You'll probably get the long, dangly tube. This one is supposed to last for years. It's often taped to the belly to keep it out of the way when not in use.

After 6 months (or so?) the stoma will be healed/matured, and the dangly can be swapped for a low profile one. These don't last as long.

Diane H has info on her site, ALS from both sides.
 
As Nikki says, it should be a RIG, done in radiology, and I wouldn't be signing on to have it done by anyone who's already "concerned" and trying to manage expectations. Sounds like inexperience in MND. He should have BiPAP available throughout the procedure, no long fasting periods, adequate hydration, neck support, etc. In short, the procedure "protocol" needs to fit the patient. If you don't think this is/will be happening, look elsewhere or get the next level involved. Are you going to USF in Tampa?
 
Thank you all. The doctors are concerned about respiratory issues because of all the muscle weakness especially with the diaphragm. We're having it done locally at winter Haven hospital. They are doing it radiology guided. I am an over planner , I like to be prepared for everything. Perfect example I have a huge purse that is filled with everything my husband could need antibacterial hand gel, hand wipes, baby wipes, plastic spoons to feed him, napkins, hand towel (he won't use a bib so we compromise and use the hand towel as one) single serve apple sauce, two sets of extra meds, extra T-shirt to change him into,extra small bottle of water for when he chokes,ect.ect.ect... I really just want to keep him as comfortable as I can. I want him to have everything I can give him. The doctors said they would show us about the peg tube but I want to be prepared. I read as much as I can but alot of people here have experience it and I know experience always trumps reading something. I saw some people put food in a blender and don't use fomula, what does everyone think? I appreciate all the insight. Thank you all.
 
Pain control after the surgery is really important.
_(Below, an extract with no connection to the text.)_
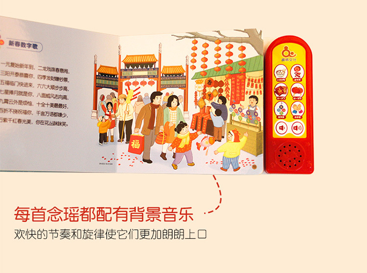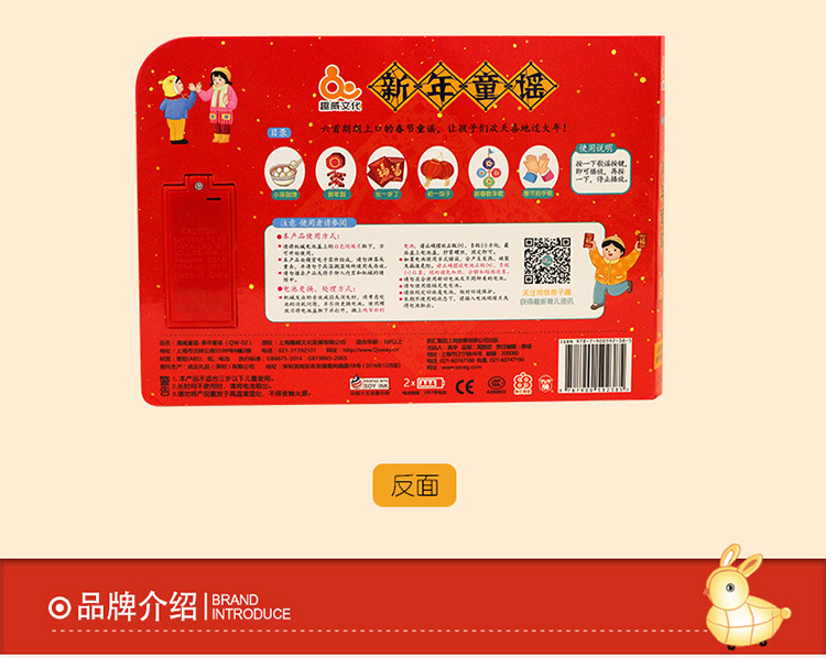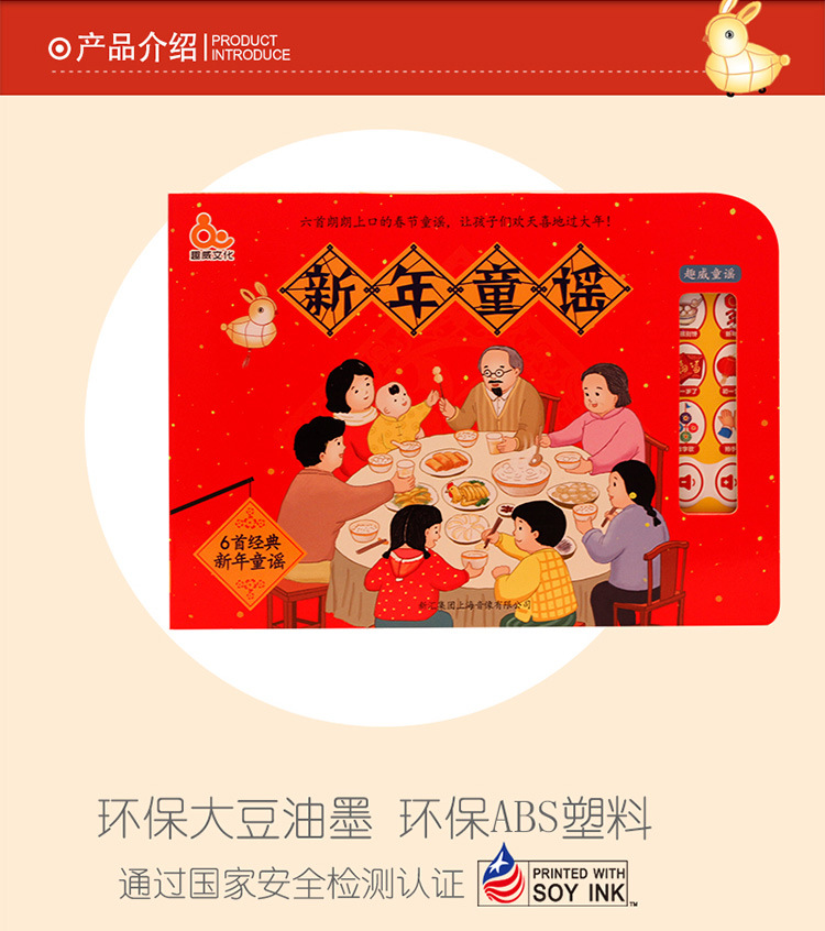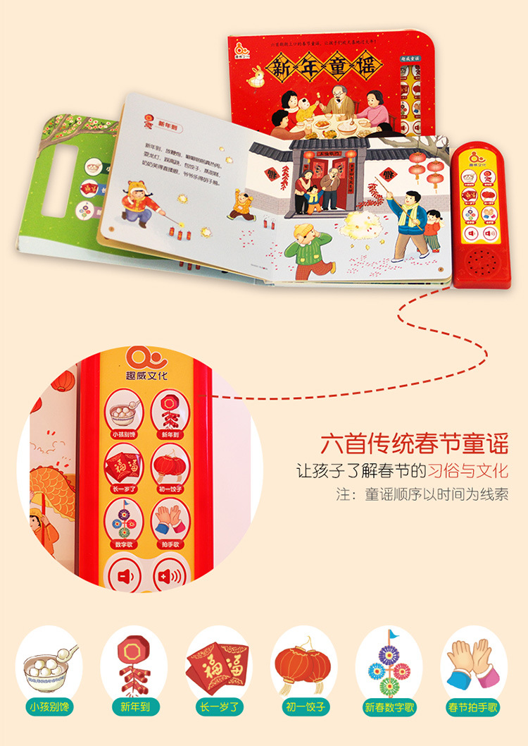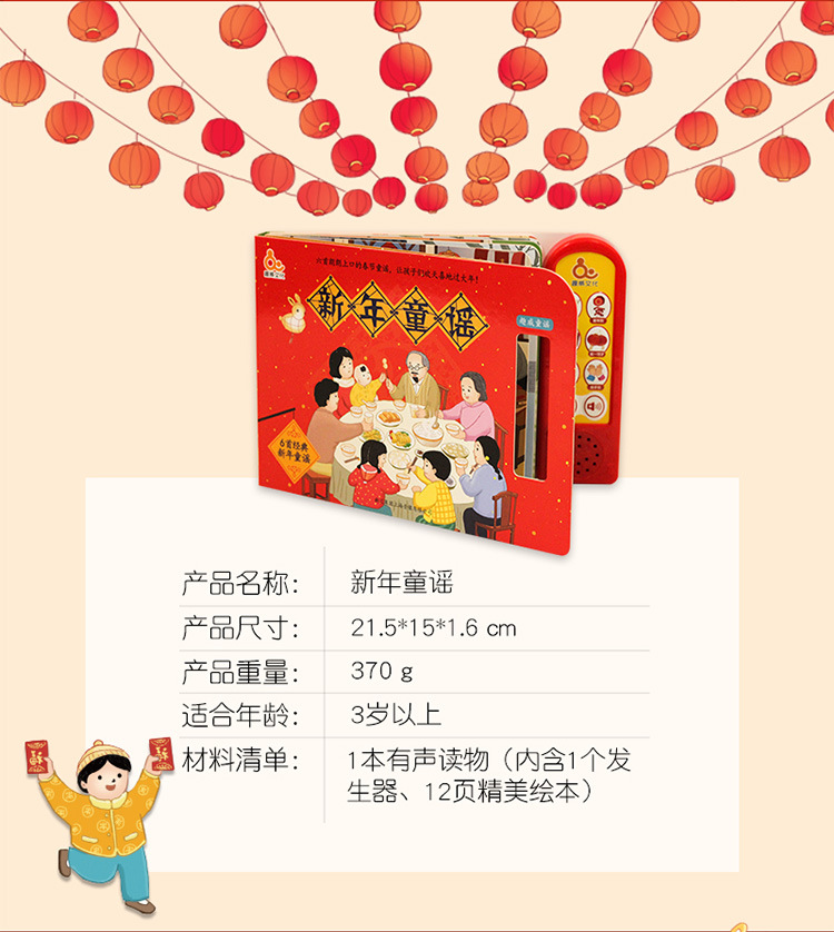 | 能力培養 | 智力開發,動手動腦,聽覺,感官,手眼協調,其他能力培養 | 貨號 | 新年童謠 | 是否有動漫形象 | 否 |

If the PALS is in pain they will breath less deeply, and when already compromised this isn't good as it puts them at more risk of developing a chest infection.

Lots of people are using blended real food very successfully. The main thing is to ensure it is really well blended - no lumps at all, and a pouring consistency. Also to really ensure the tube is well flushed afterwards. I notice that the commercial feeds really don't leave a residue which keeps the tube really clean.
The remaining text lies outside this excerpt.